PROBLEM TO WORK ON: A faithful copy is needed of the lines below from the one with "大学生学业与发展指导中心承办" up to and including the one with "反诈宣传不停歇,防骗意识入人"; set it down with no pictures and no other lines.

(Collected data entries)

□ □ □ □ □ □ □

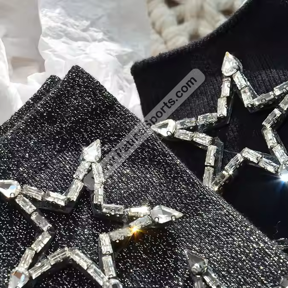 Custom Winter Crew Rhinestone Socks High Quality Cotton Sparkling Glitter Diamond Design for Women Daily Use
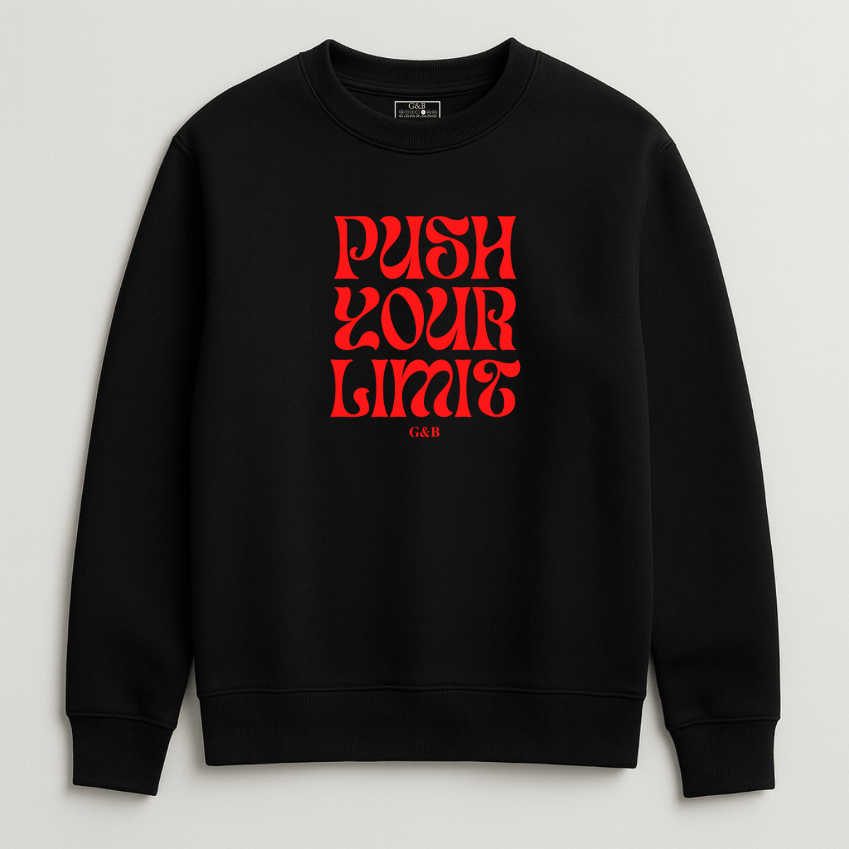 Ανέβασε ρυθμό και δήλωσε τη νοοτροπία σου με το Unisex Φούτερ Χωρίς Κουκούλα “Push Your Limit” της G&B.
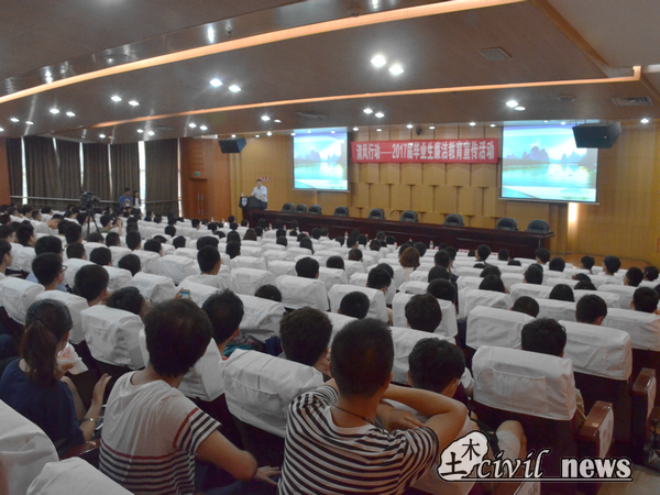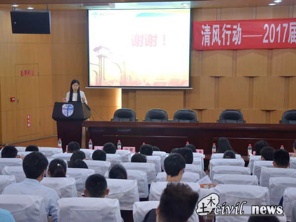 大学生学业与发展指导中心承办的 “清风行动”第三部分——2017届毕业生廉洁专题讲座于图书馆2号报告厅如期召开。此次讲座由纪委葛永明副书记担任主讲人,邀请嘉宾有学工部副部长宋刚、土木学院团委书记刘萍以及各学院老师和同学们。
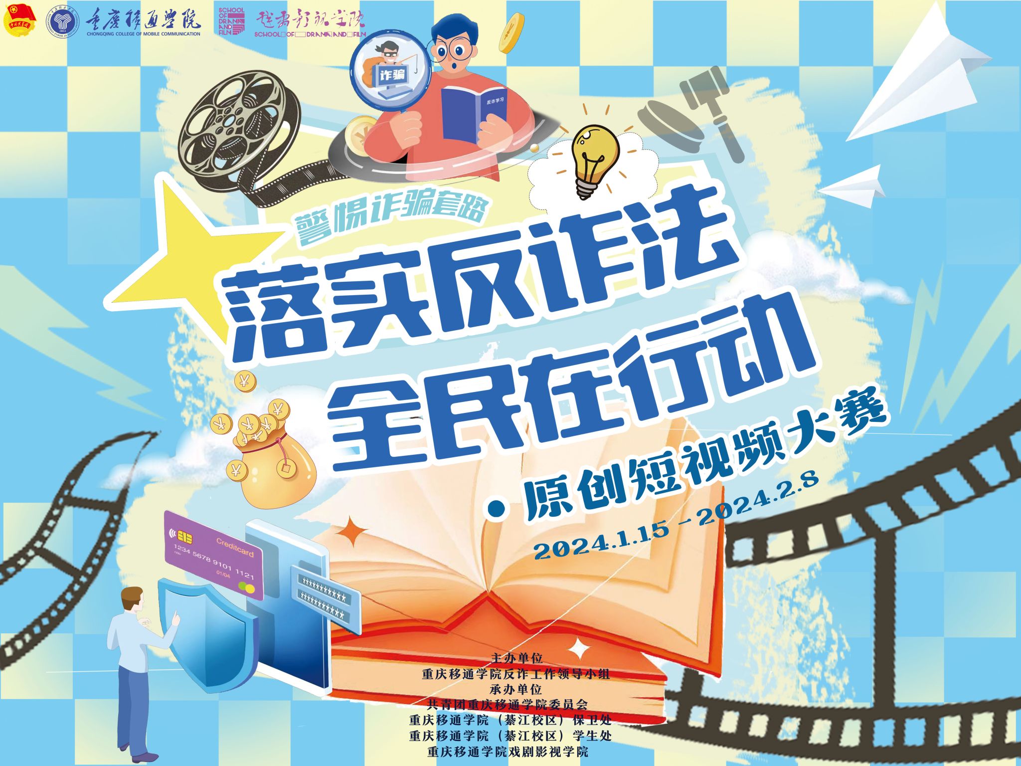 反诈宣传不停歇,防骗意识入人心。为进一步扩大反电信网络诈骗宣传的覆盖面,增强师生防诈意识和识骗能力,防止电信网络诈骗发案反弹。重庆移通学院反诈工作领导小组联合共青团重庆移通学院委员会、綦江校区学生处、綦江校区保卫处、戏剧影视学院于2024年1月15日至2024年3月20日开展了“落实反诈法,全民在行动”原创短视频大赛,切实推进了我校反诈工作开展,营造了和谐稳定的校园环境。
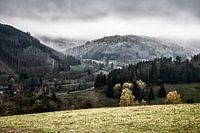 Deze prachtige wanddecoratie van het mistige Gräfentahl in Thüringen, Duitsland, legt de betoverende sfeer van een kalm heuvellandschap vast. De nevel die zachtjes over de heuveltoppen hangt, creëert een gevoel van mysterie en rust, waardoor dit kunstwerk ideaal is voor wie houdt van serene, natuurlijke schoonheid. Omgeven door groene velden en dichte bossen, straalt dit beeld een tijdloze elegantie uit en voegt het diepte toe aan elke ruimte.
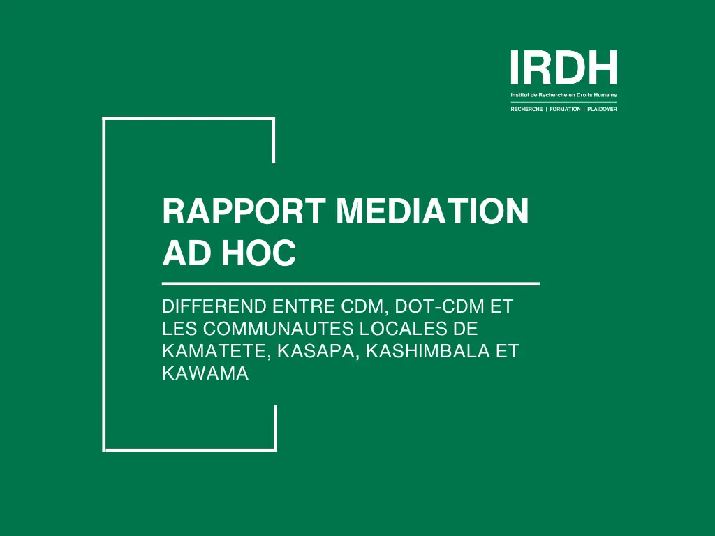 DIFFEREND ENTRE CDM, DOT-CDM ET LES COMMUNAUTES LOCALES DE KAMATETE, KASAPA, KASHIMBALA ET KAWAMA
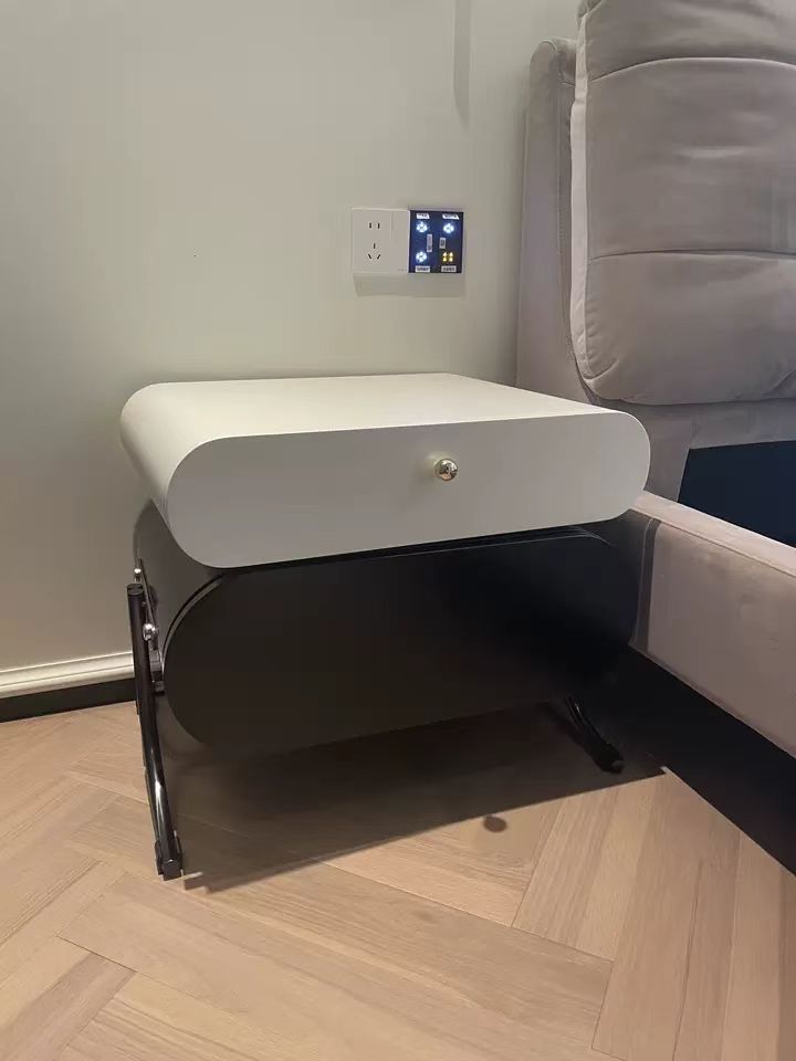 这款床头柜很有设计感 白色加黑色的配色看起来很感觉 挺漂亮的

□ □ □ □ □ □ □

RESULT FOR THIS EXERCISE:
 大学生学业与发展指导中心承办的 “清风行动”第三部分——2017届毕业生廉洁专题讲座于图书馆2号报告厅如期召开。此次讲座由纪委葛永明副书记担任主讲人,邀请嘉宾有学工部副部长宋刚、土木学院团委书记刘萍以及各学院老师和同学们。
 反诈宣传不停歇,防骗意识入人心。为进一步扩大反电信网络诈骗宣传的覆盖面,增强师生防诈意识和识骗能力,防止电信网络诈骗发案反弹。重庆移通学院反诈工作领导小组联合共青团重庆移通学院委员会、綦江校区学生处、綦江校区保卫处、戏剧影视学院于2024年1月15日至2024年3月20日开展了“落实反诈法,全民在行动”原创短视频大赛,切实推进了我校反诈工作开展,营造了和谐稳定的校园环境。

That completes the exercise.